**WHAT TO WORK ON**
From the line that contains "Vibrant dress with" through the line that contains "7.2.10 Noa Deep", output every line of the listing below exactly and leave out all the rest.

**RECORDS SUPPLIED**
* * * * * * * * *

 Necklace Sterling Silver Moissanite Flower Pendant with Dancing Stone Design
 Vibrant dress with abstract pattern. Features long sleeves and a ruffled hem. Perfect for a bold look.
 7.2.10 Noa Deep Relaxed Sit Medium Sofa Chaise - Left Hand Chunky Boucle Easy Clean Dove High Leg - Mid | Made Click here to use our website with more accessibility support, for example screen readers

* * * * * * * * *

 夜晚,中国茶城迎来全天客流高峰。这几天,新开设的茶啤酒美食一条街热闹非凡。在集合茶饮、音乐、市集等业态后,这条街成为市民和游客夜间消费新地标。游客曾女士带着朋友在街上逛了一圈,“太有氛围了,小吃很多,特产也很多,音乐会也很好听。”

* * * * * * * * *

**COMPLETED EXERCISE**
 Vibrant dress with abstract pattern. Features long sleeves and a ruffled hem. Perfect for a bold look.
 7.2.10 Noa Deep Relaxed Sit Medium Sofa Chaise - Left Hand Chunky Boucle Easy Clean Dove High Leg - Mid | Made Click here to use our website with more accessibility support, for example screen readers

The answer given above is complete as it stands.